EXERCISE DESCRIPTION: All of the entries, apart from their pictures, are to be copied verbatim.

Records from a collection:
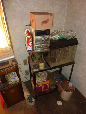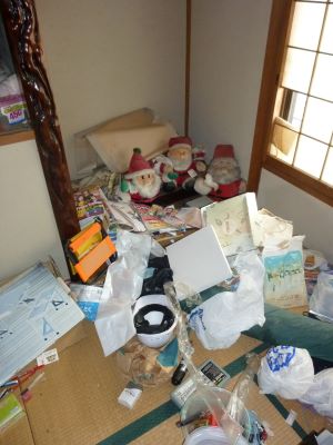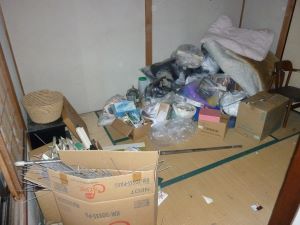 ゴミ屋敷、裁判所の資料通り、引渡直後の室内はすごい状態でした。 大量のゴミと荷物が夜逃げそのまま置いてあり、今回も業者さんに片付けを依頼せずに自分で片付けたのですが、 楽しかった時代の家族でとった写真などのアルバムや奥さんの結婚当時、 同僚たちから贈られたメッセージ付きの色紙などがそのまま放置されていました。 元所有者さんの現在の状況は知りませんが、おそらくお金がなくなり、 奥さんとも離婚が成立しており子供とも離ればなれになっているのかもしれませんね。 お金の切れ目が縁の切れ目ともいいますしね。 競売不動産を取り扱っていると、このような人生を垣間見ることがあります。 どんな理由で借金をして、返せなくなったかも私には知るよしもありませんが、いろんな人生を間近で感じることができます。 ゴミの量ですが、一見するとあまりゴミや荷物がないように感じるかもしれません。 最初、私も見たときは この程度なら 1日もかからずに片付けられるな。と思いました。 一軒家のゴミを甘くみてはいけませんでした。 |
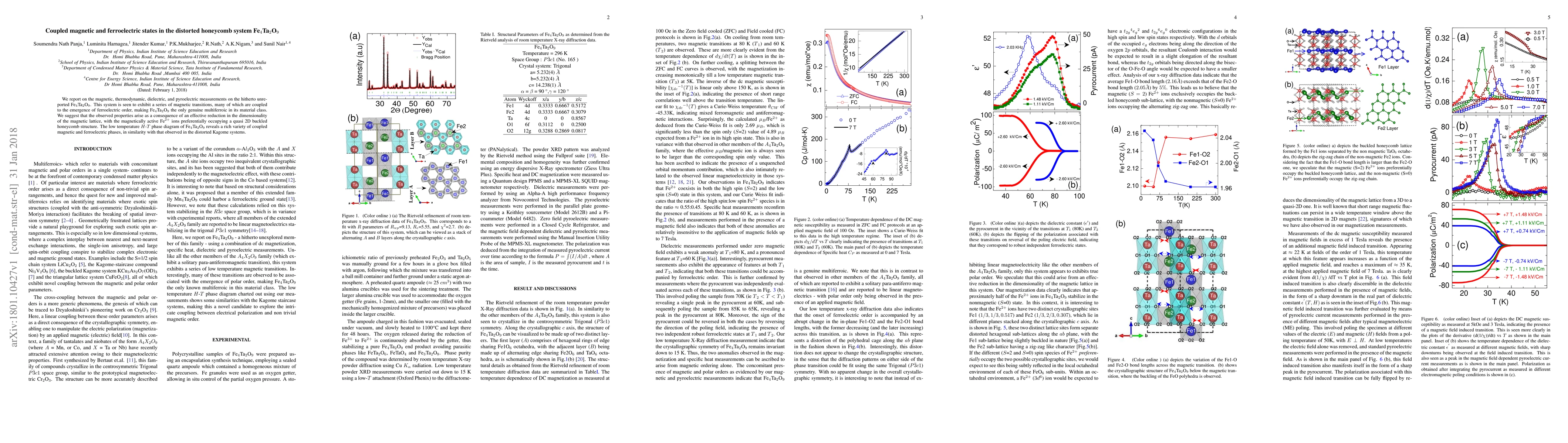 We report on the magnetic, thermodynamic, dielectric, and pyroelectric measurements on the hitherto unreported Fe${_4}$Ta${_2}$O${_9}$. This system is seen to exhibit a series of magnetic transitions, many of which are coupled to the emergence of ferroelectric order, making Fe${_4}$Ta${_2}$O${_9}$ the only genuine multiferroic in its material class. We suggest that the observed properties arise as a consequence of an effective reduction in the dimensionality of the magnetic lattice, with the magnetically active Fe${^{2+}}$ ions preferentially occupying a quasi 2D buckled honeycomb structure. The low temperature $H$-$T$ phase diagram of Fe${_4}$Ta${_2}$O${_9}$ reveals a rich variety of coupled magnetic and ferroelectric phases, in similarity with that observed in the distorted Kagome systems.
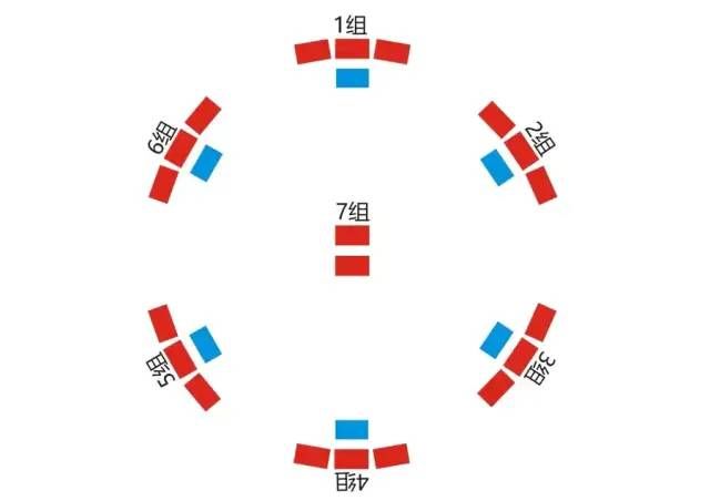 2.把7個組的成(chéng)員分(fèn)別帶到擺好的椅(yǐ)子坐好,並宣布七組的編號。
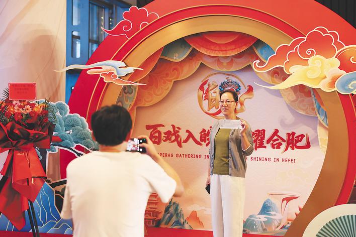 不少外地戏迷也专程赶来。从江苏南京赶来的卫子旗是江苏省演艺集团昆剧院的忠实戏迷,今年刚“入坑”昆曲的她已经看了差不多近20场演出。“听说‘百戏入皖’有这么实惠的票价,我们昨天看完南京的演出就立刻坐高铁来合肥了。” 她还特别提到,“百戏入皖·星耀合肥”活动不仅能让观众看到昆曲,还能接触到不同剧种,“以最低成本感受多样的传统文化,对戏迷来说太幸福了!”
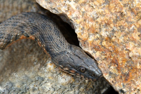 Big head of grass snake in stones
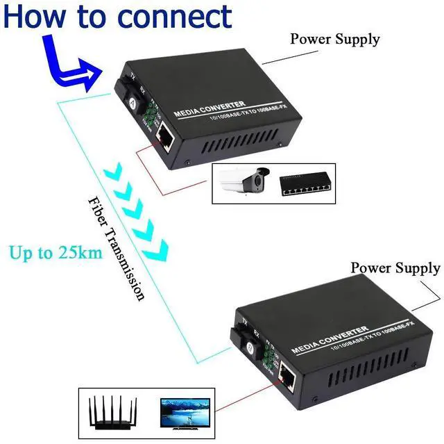 Long-distance transmission:*The optical fiber transceiver A and the optical fiber transceiver B are 100M single-mode single-fiber optical fiber transceivers. After pairing, they can exchange short-distance twisted pair electrical signals and long-distance optical signals Change and transmit long-distance signals through optical fiber

TASK RESPONSE:
 ゴミ屋敷、裁判所の資料通り、引渡直後の室内はすごい状態でした。 大量のゴミと荷物が夜逃げそのまま置いてあり、今回も業者さんに片付けを依頼せずに自分で片付けたのですが、 楽しかった時代の家族でとった写真などのアルバムや奥さんの結婚当時、 同僚たちから贈られたメッセージ付きの色紙などがそのまま放置されていました。 元所有者さんの現在の状況は知りませんが、おそらくお金がなくなり、 奥さんとも離婚が成立しており子供とも離ればなれになっているのかもしれませんね。 お金の切れ目が縁の切れ目ともいいますしね。 競売不動産を取り扱っていると、このような人生を垣間見ることがあります。 どんな理由で借金をして、返せなくなったかも私には知るよしもありませんが、いろんな人生を間近で感じることができます。 ゴミの量ですが、一見するとあまりゴミや荷物がないように感じるかもしれません。 最初、私も見たときは この程度なら 1日もかからずに片付けられるな。と思いました。 一軒家のゴミを甘くみてはいけませんでした。 |
 We report on the magnetic, thermodynamic, dielectric, and pyroelectric measurements on the hitherto unreported Fe${_4}$Ta${_2}$O${_9}$. This system is seen to exhibit a series of magnetic transitions, many of which are coupled to the emergence of ferroelectric order, making Fe${_4}$Ta${_2}$O${_9}$ the only genuine multiferroic in its material class. We suggest that the observed properties arise as a consequence of an effective reduction in the dimensionality of the magnetic lattice, with the magnetically active Fe${^{2+}}$ ions preferentially occupying a quasi 2D buckled honeycomb structure. The low temperature $H$-$T$ phase diagram of Fe${_4}$Ta${_2}$O${_9}$ reveals a rich variety of coupled magnetic and ferroelectric phases, in similarity with that observed in the distorted Kagome systems.
 2.把7個組的成(chéng)員分(fèn)別帶到擺好的椅(yǐ)子坐好,並宣布七組的編號。
 不少外地戏迷也专程赶来。从江苏南京赶来的卫子旗是江苏省演艺集团昆剧院的忠实戏迷,今年刚“入坑”昆曲的她已经看了差不多近20场演出。“听说‘百戏入皖’有这么实惠的票价,我们昨天看完南京的演出就立刻坐高铁来合肥了。” 她还特别提到,“百戏入皖·星耀合肥”活动不仅能让观众看到昆曲,还能接触到不同剧种,“以最低成本感受多样的传统文化,对戏迷来说太幸福了!”
 Big head of grass snake in stones
 Long-distance transmission:*The optical fiber transceiver A and the optical fiber transceiver B are 100M single-mode single-fiber optical fiber transceivers. After pairing, they can exchange short-distance twisted pair electrical signals and long-distance optical signals Change and transmit long-distance signals through optical fiber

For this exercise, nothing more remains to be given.